<stránka
xmlns="https://trac.frantovo.cz/xml-web-generator/wiki/xmlns/strana"
xmlns:m="https://trac.frantovo.cz/xml-web-generator/wiki/xmlns/makro">
<nadpis>Doing projection and restriction using cut and grep</nadpis>
<perex>SELECT mount_point FROM fstab WHERE type IN ('btrfs', 'xfs')</perex>
<m:pořadí-příkladu>01000</m:pořadí-příkladu>
<text xmlns="http://www.w3.org/1999/xhtml">
<p>
While reading classic pipelines involving <code>grep</code> and <code>cut</code> commands
we must notice that there is some similarity with simple SQL queries looking like:
</p>
<m:pre jazyk="SQL">SELECT "some", "cut", "fields" FROM stdin WHERE grep_matches(whole_line);</m:pre>
<p>
And that is true: <code>grep</code> does restriction<m:podČarou>
<a href="https://en.wikipedia.org/wiki/Selection_(relational_algebra)">selecting</a> only certain records from the original relation according to their match with given conditions</m:podČarou>
and <code>cut</code> does projection<m:podČarou>limited subset of what <a href="https://en.wikipedia.org/wiki/Projection_(relational_algebra)">projection</a> means</m:podČarou>.
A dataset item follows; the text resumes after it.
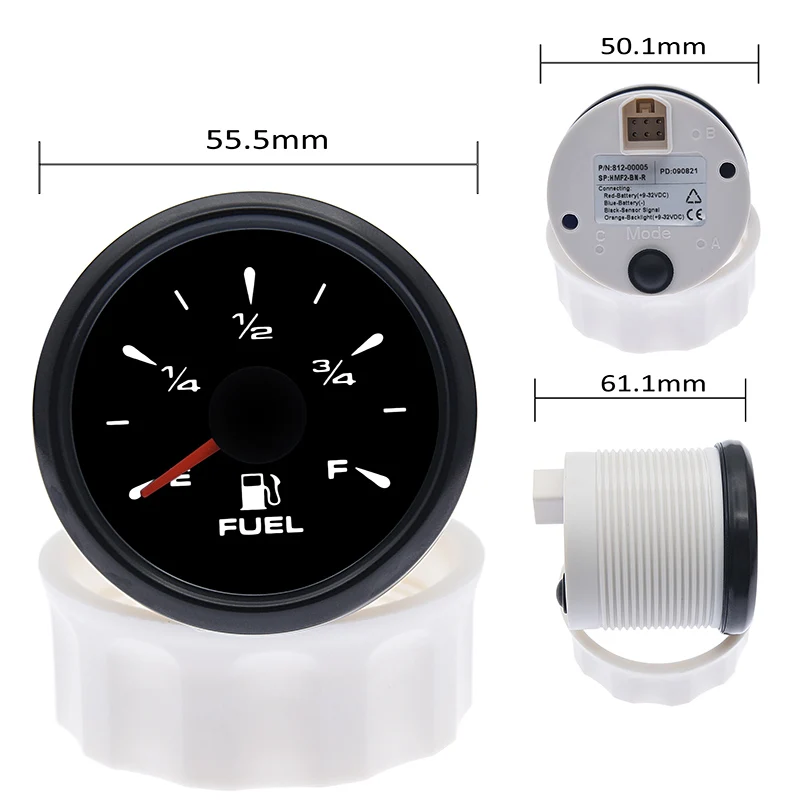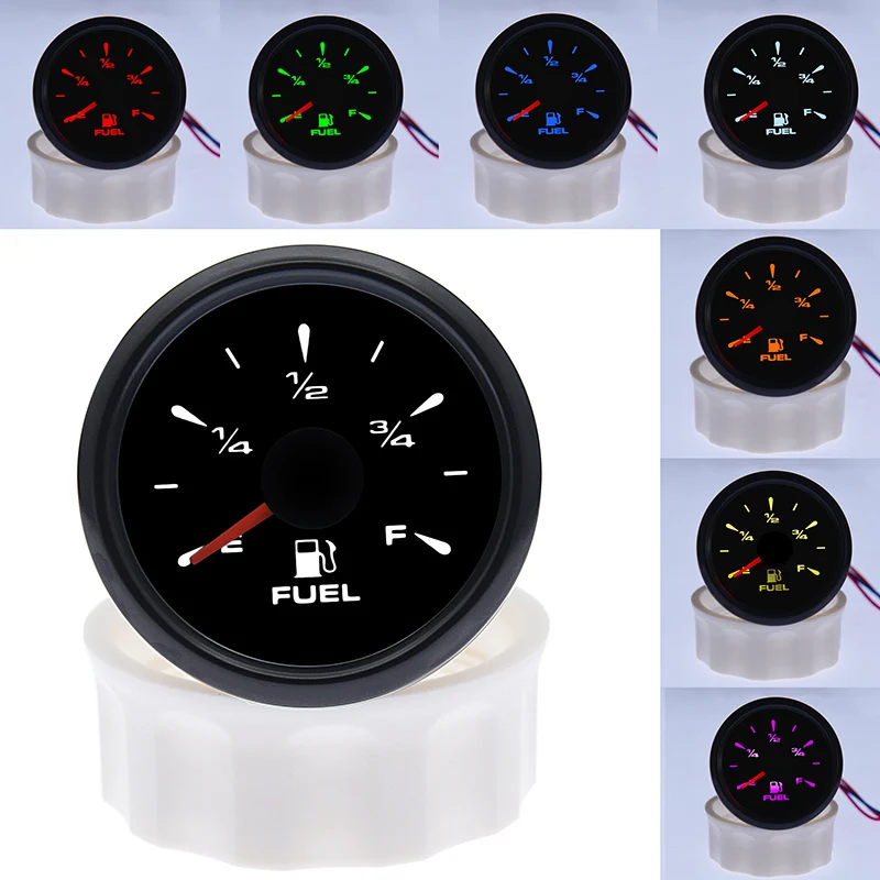 52 mm Marine Fuel Gauge Boat Car Oil Tank Level Indicator Waterproof 190 ohm Fuel Level Gauge with 7 Colors Backlight

Now we can do these relational operations using our relational tools called <code>relpipe-tr-grep</code> and <code>relpipe-tr-cut</code>.
</p>
<p>
Assume that we need only <code>mount_point</code> fields from our <code>fstab</code> where <code>type</code> is <code>btrfs</code> or <code>xfs</code>
and we want to do something (a shell script block) with these directory paths.
</p>
<m:pre jazyk="bash"><![CDATA[relpipe-in-fstab \
| relpipe-tr-grep --relation 'fstab' --attribute 'type' --value '^btrfs|xfs$' \
| relpipe-tr-cut --relation 'fstab' --attribute 'mount_point' \
| relpipe-out-nullbyte \
| while read -r -d '' m; do
echo "$m";
done]]></m:pre>
<p>
The <code>relpipe-tr-cut</code> tool has similar syntax to its <em>grep</em> and <em>sed</em> siblings and also uses the power of regular expressions.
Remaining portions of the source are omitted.